Compliance & ethics officers in the realm of bias

Bias and conflicts of interest are, of course, related to each other;  but they also differ, in that the former can be based purely on thoughts (or feelings or beliefs) whereas the latter generally requires something truly tangible, such as an economic or familial relationship. Prior postings on bias – particularly those underpinning the field of behavioral ethics – can be found here. But, the world of bias is a vast one, and there is much to be explored about it.

A study recently summarized on the Harvard Law School Forum on Corporate Governance and Financial Regulation offers an interesting example of one type of bias among CEOs. The author of the study – Scott E. Yonker, of Cornell University – sought to determine “Do Managers Give Hometown Labor an Edge?”, based on a review of certain employment-related decisions affecting company operations of varying distances from the hometowns of the companies’ respective CEO’s. The answer – somewhat unsurprisingly, at least to me – was Yes: “The results show that following periods of industry distress, units located near CEOs’ hometowns experience fewer employment and pay reductions, and are less likely to be divested relative to other units within the same firm. Units located closer to CEO birthplaces experience 4.1% greater employment growth and 2.4% greater wage growth compared to similar units. Since employment and wages fall by 3.0% at the average firm unit following industry distress, these findings suggest that hometown units are largely spared. Moreover, these differences have seemingly permanent effects, the wage differences last at least three years, while employment differences revert about three years after industry downturns. With regard to divestitures, units that are more distant from CEO birthplaces are about 6% more likely to be divested.”
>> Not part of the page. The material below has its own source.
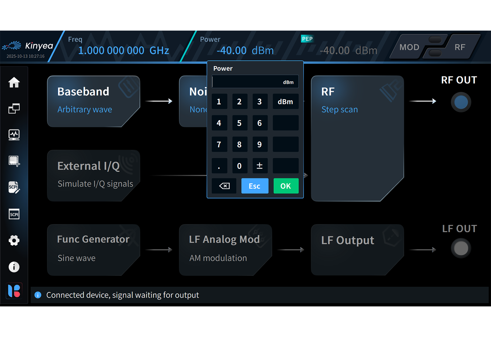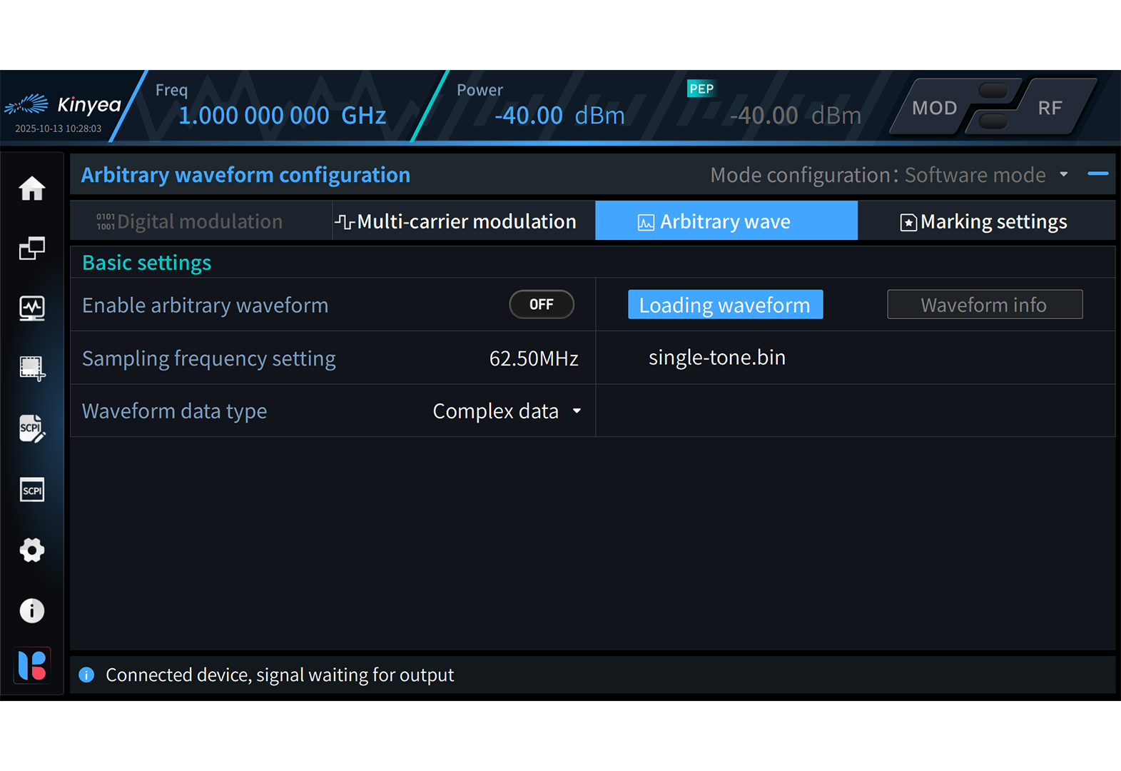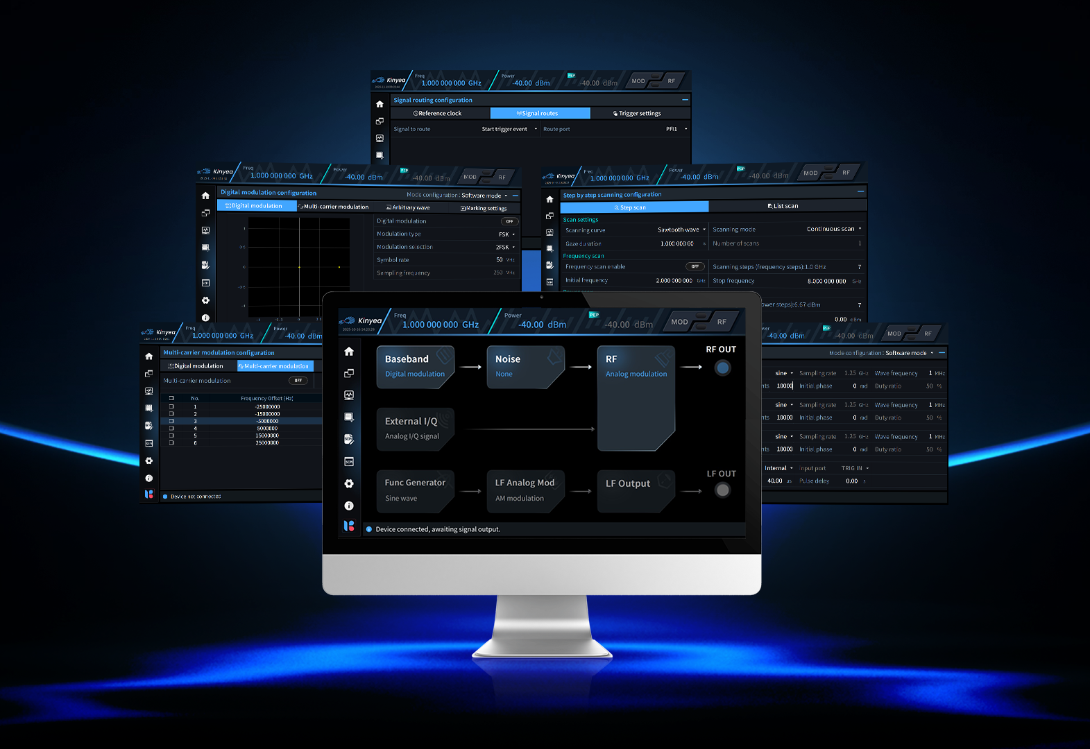 kyMCSG is the standard, pre-installed application for WSA and WST series products as-shipped configuration. kyMCSG can configure wideband signal-generation MARSA® modules and MARSA® instruments to output a rich variety of RF signals. It also works as the MARSA® Operation System (kyMOS) for installing the rich suite of powerful kySP (Kinyea Signal Packet). The kySP covers more advanced signal generation functions oriented towards both signal characteristics and application scenarios. Advanced signal generation functions for signal characteristics include general modulated signal generation, analog modulation, pulse modulation, and more. Advanced signal generation functions for application scenarios include communications/ avionics/ GNSS/ radar/ data link signal generation, multi-channel concurrent generation, and large capacity data playback.

Is this at all relevant to the work of compliance & ethics professionals? I think the answer to that is Yes, as well. Or more accurately, It should be.

Of course, “hometown” forms of bias are not as pernicious as are those concerning race, gender and other categories of individuals who have historically been the victims of societal oppression. But the true promise of C&E programs extends to addressing all forms of unfairness, both because non-merit-based decision making in the workplace is (from an economic  efficiency perspective) presumptively bad for businesses (i.e., an inefficient use of resources); and because such decisions can lead to demoralization of a workforce (adversely impacting, among other things, the ethical conduct of those so affected).

Ultimately, for a company to have not only a strong compliance program but also an ethics one, the CEO and other leaders would empower the C&E officer to identify and challenge decisions that may be based on bias. (Note that I don’t mean literally  all such decisions, but those that are significant in potential impact and have a meaningful  ethics/fairness dimension.) The leaders would do so because they would understand that being fair is not just a matter of good intentions; rather, it can  also require expertise and effort – both  of which the C&E officer can bring to a challenging set of circumstances.

The C&E movement has  made a lot of progress in the past quarter century, but we are a long way from getting to such a place. Still, as is often said, it is good to have a goal.